Studi mencatat, warga kulit hitam dan muslim acap dipinggirkan ketika ingin menyewa rumah. Sekedar bernama asing saja cukup untuk mendiskualifikasi calon penyewa. Sementara kelangkaan rumah kian memanaskan persaingan.

Foto Ilustrasi - Sepasang warga asing saat mengunjungi satu apartemen yang akan disewakan
Warga asing acap tidak diundang melihat calon apartemen, atau lamarannya ditolak sama sekali.Foto: Monkey Business 2/Shotshop/IMAGO

Perumahan adalah kebutuhan dasar yang menentukan banyak hal—dari peluang karier hingga kesehatan fisik dan mental. Namun mencari tempat tinggal layak di Jerman bukan perkara mudah, terutama bagi mereka yang bukan warga kulit putih.

Temuan terbaru studi Pusat Penelitian Integrasi dan Migrasi Jerman (DeZIM) mencatat, Muslim dan warga kulit hitam melaporkan jauh lebih sering ditolak atau tidak diundang meninjau apartemen—masing-masing dengan probabilitas 35 dan 39 persen—dibanding kelompok kulit putih (11 persen). Polanya terkonfirmasi lewat eksperimen: peneliti mengirim aplikasi ke iklan penyewaan apartemen dengan kualitas identik, hanya membedakan nama. Pelamar dengan nama "khas Jerman” punya peluang 22 persen mendapat undangan. Sementara bagi nama dari Timur Tengah, Turki, atau Afrika, angkanya 16 persen.

Riset tersebut merupakan analisis komprehensif pertama mengenai diskriminasi terhadap kelompok rasial dan etnis di pasar perumahan. Survei NaDiRa, unit di bawah DeZIM, melibatkan lebih dari 9.500 responden pada Agustus 2024–Januari 2025. Data itu kemudian ditautkan dengan indikator resmi seperti tingkat polusi lingkungan.

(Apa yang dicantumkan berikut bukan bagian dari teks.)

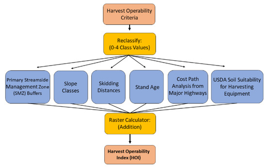 In their GIS analysis, Hogland and others [54] used Forest Inventory and Analysis (FIA) plot data, function modeling, and NAIP datasets to estimate Basal Area per Acre (BAA), Aboveground Biomass (AGB), and Trees per Acre (TPA) across 8 million hectares. Using these techniques could also improve the use of the HOI model. Managers may not have access to extensive forest stand age data and substituting the stand age data criterion for a BAA or TPA criterion could alleviate this dilemma. Additionally, estimating BAA or TPA may be more valuable for managers. In the reclassification of class values, managers could define their own 0–4 scale class value metrics based on regional harvesting demands and/or quotas. Lastly, modeling of predicted BAA, TPA, or AGB could be more representative of the actual board feet within a stand as stand age in the HOI model is a surrogate for a timber volume assessment. However, this technique requires more data layers to be acquired and further GIS analysis with landcover classification and regression analysis to create the BAA, TPA, or AGB layers- thus creating more time devoted to data criterion construction. A simpler approach, if the data is available, would be to retain the stand age HOI data criterion or use stand volume/basal area from forest stand inventory data.

Tiga lamaran per hari, tetap tanpa kepastian

Belphine Okoth, mahasiswa pascasarjana asal Kenya, sudah lima bulan mencari apartemen di Bonn tanpa hasil. Dia membayar biaya langganan di hampir semua portal properti, serta mengirim rata-rata tiga lamaran sewa per hari. Belphine mengaku berusaha menghilangkan bias dengan memakai bahasa Jerman dan tanpa foto. "Tapi ketika pemilik akhirnya melihat saya, mungkin mereka merasa ‘bukan yang diharapkan',” ujarnya kepada DW.

Kelangkaan rumah di Jerman kian memanaskan persaingan di pasar perumahan. Situasi berlangsung dramatis di kota-kota besar seperti Hamburg, Köln atau München, di mana ratusan calon penyewa bersaing untuk satu apartemen.Foto: Lukas Schulze/dpa/picture alliance

"Saya enggan menyimpulkan ini semata-mata karena warna kulit saya, karena kalau begitu rasanya saya tak akan pernah punya peluang”.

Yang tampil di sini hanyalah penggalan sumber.